Nom: Tunisie.
Superficie: 163.610 Km2.
Littoral méditerranéen: 1,150 Km.
Population (données de la Banque Mondiale): 9,6 millions d’habitants.
Croissance annuelle de la population (données de la Banque Mondiale):
1,7%.
Répartition de la population (données de la Banque Mondiale): 66% urbaine, 44% rurale.
Indice de développement Humain (Rapport PNUD, 2001): 89 sur 162.
Répartition en secteurs productifs (données de la Banque Mondiale):
12,3% primaire, 28,8% secondaire et 58,9% tertiaire du PIB.
Accès à l’eau potable (Rapport 001): Non disponible.
Consommation annuelle d’énergie pas habitant (système UICN): 824
Kw./heure.
Description géographique: On peut diviser la Tunisie en quatre régions topographiques du nord au sud. Au nord, les éperons de l’Atlas maritime traversent le pays en direction sud-est nord-est. Les sommets ont une altitude de 610 à 1.520 m. Les vallées et plaines fertiles s’étendent entre les montagnes de la région. Le principal fleuve du pays, le Majardah, traverse la région d’ouest en est puis se jette dans le golfe de Tunisie. Dans le sud, les montagnes laissent la place à un plateau qui s’élève à une altitude moyenne de 610 m. Plus au sud, le plateau descend graduellement jusqu’à la chaîne de lacs salés qui va de l’est à l’ouest du pays. Certains de ces lacs sont au dessous du niveau de la mer. Au sud de ces lacs, commence le Sahara qui représente 40% de la superficie du pays.
Climat: Au nord de la Tunisie, on trouve un climat méditerranéen doux qui, en descendant vers le sud, devient plus chaud et sec. Au nord, les températures moyennes sont de 26ºC en juillet et 9ºC en janvier avec une époque pluvieuse qui va d’octobre à mai. La précipitation moyenne annuelle est de 610 mm mais peut varier d’une année à l’autre. Dans le sud, la moyenne descend jusqu’à 200 mm dans le Sahara.

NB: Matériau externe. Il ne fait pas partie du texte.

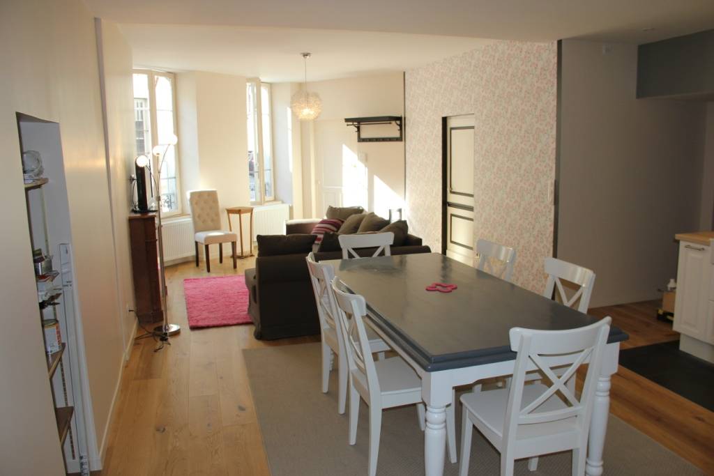 Au rez de chaussée d' une maison de plus de 200 ans, les 80 m2 de cet appartement vous accueilleront de façon confortable. Calme, avec une bonne literie, le gîte est conçu avec goût et est bien équipé ( cuisine moderne, baignoire spa). Le jardin vous permet de profiter d'un écrin de verdure, d'un barbecue, d'une balançoire et de vous reposer.

Ressources naturelles: Le pétrole est la principale ressource naturelle de la Tunisie. Les réserves existent aussi bien au large que sur terre, particulièrement dans le sud, où de nouveaux gisements ont été découverts au début des années 80. On trouve d’autres minéraux comme du gaz naturel, des phosphates, du fer, du plomb et du zinc.
Principaux problèmes environnementaux: La Tunisie manque d’eau et les sécheresses sont fréquentes. Les ressources hydriques sont utilisées en grande partie pour l’agriculture même si les demandes en eau potable, pour l’industrie et le tourisme augmentent. Ceci implique un plus grand besoin d’une gestion rationnelle et efficiente de cette ressource.
La croissance de la population s’est accompagnée d’une plus grande demande de terre cultivable et la production agricole a augmenté aux dépens de nouvelles terres et du surpâturage, ce qui a entraîné l’érosion du sol. L’occupation de terres et la façon inappropriée de les exploiter sont en train d’accélérer la dégradation et d’augmenter la déforestation. Il n’y a que 3,6% (1995) de forêts sur le territoire et ce chiffre diminue en raison du taux annuel de déforestation de 0,50%. LA construction de digues, de ports et d’hôtels en certains endroits a également provoqué l’érosion de la côte.
La Tunisie réalise un plus gros effort de traitement des eaux résiduelles que les autres pays voisins même si les déchets liquides urbains sont toujours un problème qui génère la pollution des sources d’eau et l’eutrification des eaux méditerranéennes. Dans les zones rurales, il n’y a que 52% (1990-1998) de la population qui a accès un assainissement approprié. De plus les déchets industriels ne sont pas gérés de façon adéquates ce qui suppose un danger pour la santé. Les pesticides sont utilisés sans aucune surveillance et la pollution atmosphérique causée par les véhicules à moteur et l’industrie n’est toujours pas contrôlée.
Seul 0,30% (1997) du territoire tunisien est protégé. Ichkeul National Park, au nord, abrite un lac et des zones humides qui servent d’aire de repos à des centaines d’oiseaux migrateurs comme les canards, les oies et les flamands roses.
Le gouvernement de Tunisie a ratifié des accords internationaux liés à la biodiversité, le changement climatique, la désertification, les espèces en danger, les déchets dangereux, les déchets marins, la protection de la couche d’ozone, la pollution des bateaux et les zones humides.